Andrea
Andrea

Reputation: 20493

Gradle - Handling external resources

I am trying to move a simple Groovy project to Gradle. I was mostly able to configure the project, but I do not know how to deal with external resources.

Basically, my application needs to access a configuration file in JSON. Before moving to Gradle, I used to pass the location of this JSON file on the command line. I had made a simple bash script to call the main class with the correct path for the resource.
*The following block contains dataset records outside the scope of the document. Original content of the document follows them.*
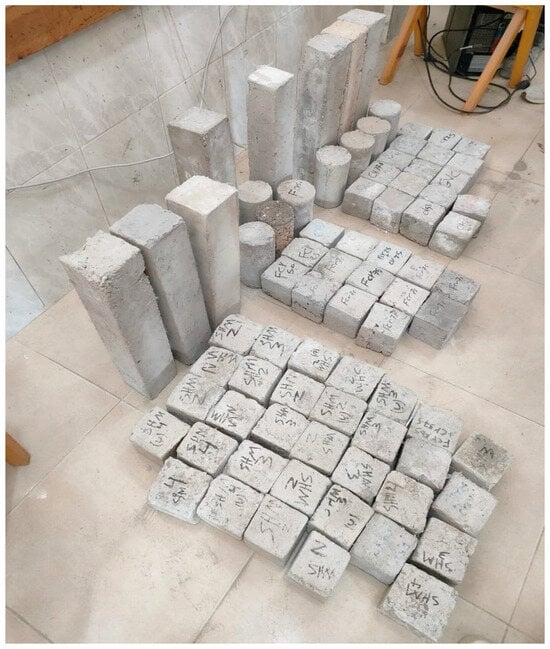 The mixtures were prepared using a procedure similar to that of conventional concrete production. Initially, 80% of the alkaline activator solution was blended with the binder materials, followed by the incorporation of both coarse and fine aggregates. The fly ash and aggregates were first dry-mixed in a pan mixer for two minutes. Subsequently, the alkaline solution was added and mixed for five minutes to ensure uniform dispersion and homogeneity of the paste. The remaining 20% of the alkaline solution was combined with the bacterial solution and then added to the mixture, followed by an additional two minutes of mixing to ensure even distribution. After mixing, the fresh concrete was cast into molds with dimensions of 100 × 100 × 100 mm (cubes), 100 × 150 mm (cylinders), and 100 × 100 × 500 mm (beams), as illustrated in Figure 6. The samples were allowed to set for 24 h. After this initial period, the specimens were demolded and subjected to ambient curing for 28 days to facilitate compressive strength testing, in accordance with IS 456:2000 guidelines. All specimens were cured at room temperature without the application of external heat or oven curing.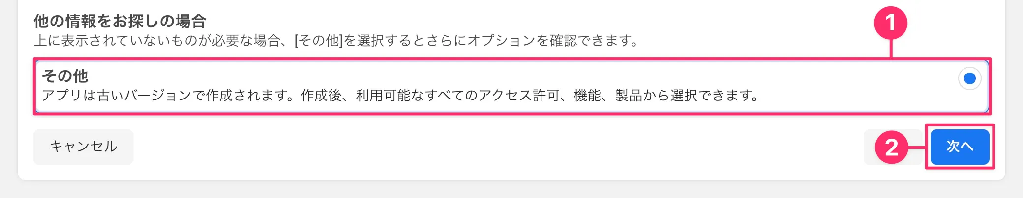 - 「ユースケースを追加」では「❶ その他」を選択し、「❷ 次へ」をクリック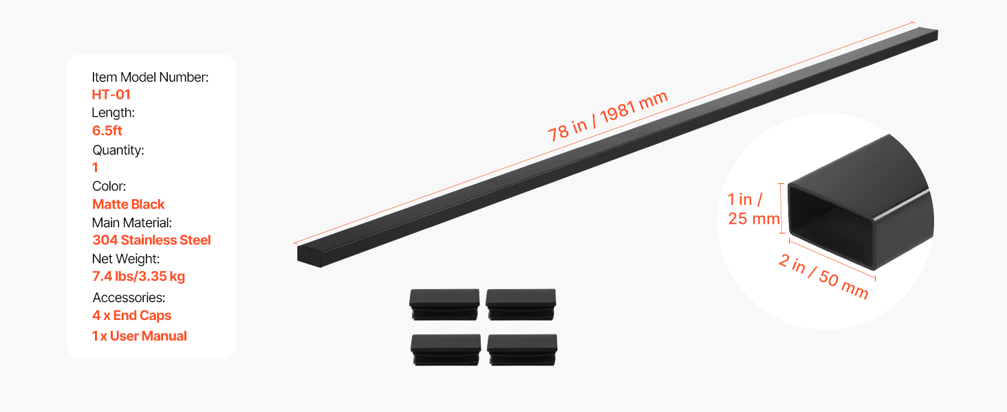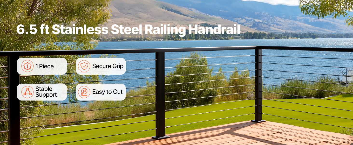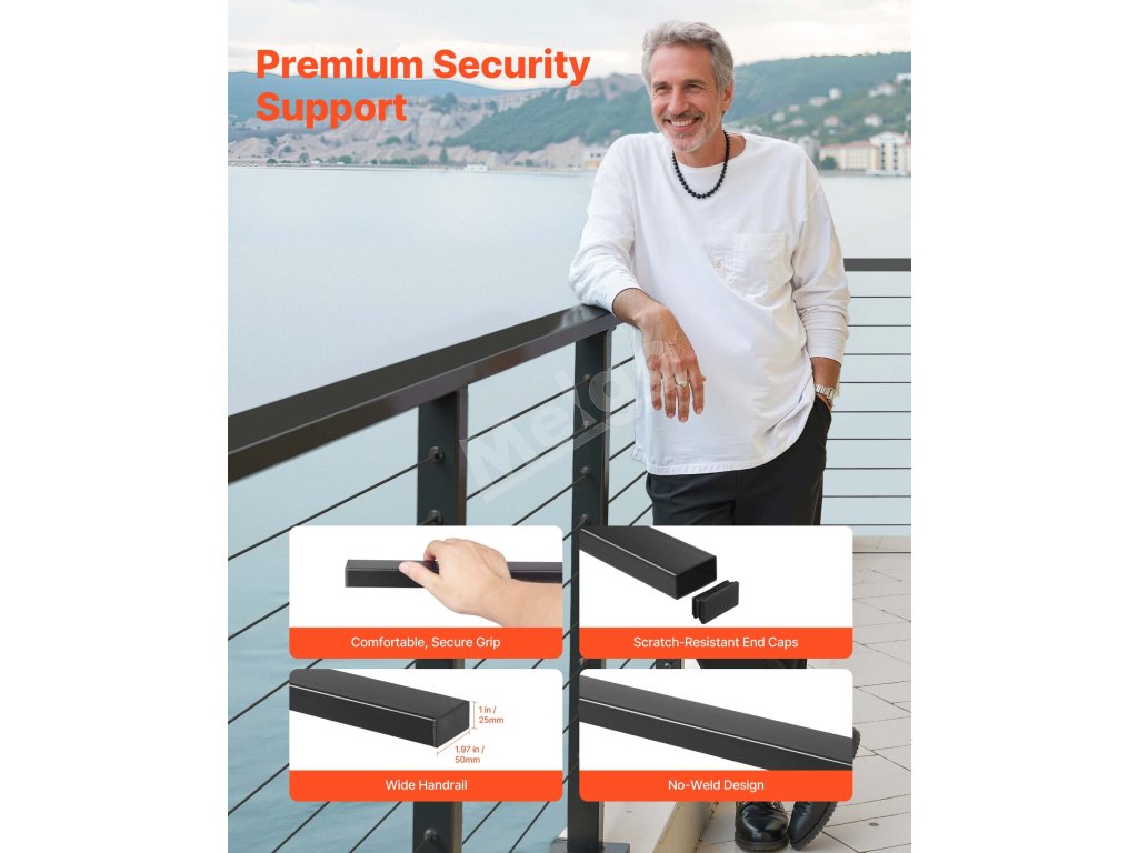 Toto zábradlie je vyrobené z nehrdzavejúcej ocele 304 s povrchovou úpravou odolnou proti korózii a ľahko sa inštaluje. Jeho ergonomická rukoväť, hladké hrany a koncové krytky odolné proti poškriabaniu zaisťujú pohodlie a bezpečnosť a sú vhodné na použitie v interiéri aj exteriéri.

With Gradle if I understand correctly, I should be able to move this file into src/main/resources/ and have it available somehow from the Groovy classes. Question is: how?

EDIT

If I understand correctly, the resource should end in the JAR that gets built. My dir structure is like

src
  main
    groovy
      orgName
        packageName
          source.groovy
    resources
      orgName
        packageName
          config.json

But I do not see the resource inside the packageName.jar that is generated in the build directory

Upvotes: 3

Views: 7598

Answers (2)

tim_yates
tim_yates

Reputation: 171054

I knocked up a quick example... Given this directory structure:

.
|-- src
|    |-- main
|         |-- groovy
|         |    \-- org
|         |         |-- Test.groovy
|         \-- resources
|              \-- config.json
\-- build.gradle

Where Test.groovy is:

package org

import groovy.json.*

public class Test {
  static main( args ) {
    def slurper = new JsonSlurper()
    def config = slurper.parseText( Test.class.getResource( '/config.json' ).text )
    println "Args were $args, config is $config"
  }
}

config.json is:

{
  "data": true
}

and build.gradle is:

apply plugin: 'groovy'

repositories {
  mavenCentral()
}

dependencies {
  groovy 'org.codehaus.groovy:groovy-all:2.0.0'
}

task runTest ( dependsOn: 'classes', type: JavaExec ) {
  main = 'org.Test'
  classpath = sourceSets.main.runtimeClasspath
  args 'ARG1'
}

You should just be able to run gradle runTest and it should just work...

Upvotes: 8

Peter Niederwieser
Peter Niederwieser

Reputation: 123890

Gradle doesn't mandate that you treat the file as a resource. It's just a Java/JVM best practice. If you do so, you'll have to access the file via a class loader. See Locating resources in Java for an explanation. Note that this is unrelated to Gradle, except that Gradle will add files under src/main/resources to the Jar that gets built.